Некоторое время пришлось подбирать слова, но затем я ответил:
– Это самые странные вещи, которые мне доводилось слышать из уст врача. Но и самые важные для нашего необычного расследования. Благодарю вас за то, что вы раскрыли передо мной душу, а теперь я бы хотел взглянуть на Танечку.
Авруцкий настороженно посмотрел на меня.
– Вы требуете этого по поручению жандармерии?
– Я просто очень прошу вас…
Он кивнул, достал из стола связку ключей и наконец обратил внимание на коробку с бантом, которую я принес с собой.
– Что там у вас?..
Безобидный вопрос отчего-то меня смутил.
– Подарок для Тани, просто уточка.
– К сожалению, коробку с лентой придется оставить: у нас строгие правила.
Ничего не поделаешь. Вынув игрушку, я пошел к двери, чувствуя, что выгляжу довольно комично с улыбающейся уточкой в руках. Несмотря на то, что здание дома умалишенных имело всего лишь два этажа, потолки были такими же высокими, как в царских покоях. Из-за этого в длинном коридоре сразу чувствовалась акустика: звуки, изредка доносившиеся из палат, отталкивались от стен и долетали к нам из самых дальних углов. Возгласы, стоны и даже громкие вздохи создавали причудливую звуковую смесь, сопровождавшую мерное эхо наших шагов. Мы добрались в противоположное крыло строения, и Авруцкий отворил дверь. В отличие от других встретившихся мне дверей, в этой не было отверстия для подачи пищи, но присутствовал неизменный глазок для наблюдения. Как и в случае с Рюминым, доктор не пустил меня сразу в палату: он зашел внутрь, и прошло минут семь или восемь, пока мне разрешили войти.
Комнатка и в самом деле была маленькой и походила на пенал, вытянутый в сторону другой двери и узкого зарешеченного окна, через которое виднелись часть ограждения балкона и кусочек сада. И стены, и двери имели бледно-зеленый цвет, занавески отсутствовали, отчего комната казалась оголенной и неуютной. Возле окна стояла кровать, и на ней я заметил небольшую фигурку в бесформенном халате; лицо девочки скрывало накинутое на голову одеяло. Солнечный луч лежал на маленькой подушке. Авруцкий взял меня за руку и медленно подвел к фигурке.
– Танюша, – позвал он, и я услышал ласку в его голосе. – Это очень хороший господин, он помогает мне лечить больных.

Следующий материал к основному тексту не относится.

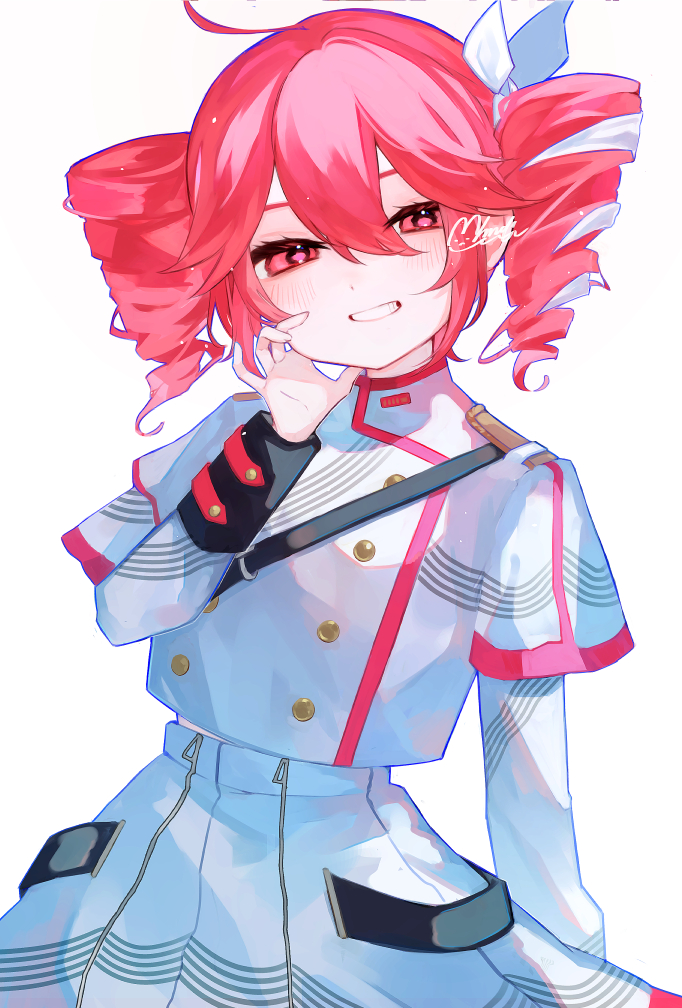 1girl ahoge blush bow buttoned_cuffs buttons cosplay dot_pupils double-breasted drill_hair grey_jacket grey_skirt hair_between_eyes hand_on_own_cheek hand_on_own_face jacket kasane_teto kasane_teto_(cosplay) kasane_teto_(sv) layered_skirt mihanada_mui musical_staff_print parted_lips red_eyes red_hair red_trim shoulder_belt shoulder_boards shoulder_strap signature simple_background skirt sleeve_cuffs smile solo musical_staff striped synthesizer_v teeth tsurime twin_drills uniform upper_body utau white_background white_bow

Он хочет помочь и тебе, а для этого надо, чтобы он взглянул на твое лицо.
Одеяло в ответ шевельнулось, но не изменило положение. Тогда он тихо приблизился и отогнул полог. Из темноты на меня смотрело детское лицо, искаженное неподвижной гримасой. Я шагнул навстречу и остановился.
– Здравствуй, Танечка, – эти слова первыми пришли мне на ум. Девочка не пошевелилась, испытующе глядя на меня из-под одеяла. – Я только чуть-чуть посмотрю, даже не буду дотрагиваться.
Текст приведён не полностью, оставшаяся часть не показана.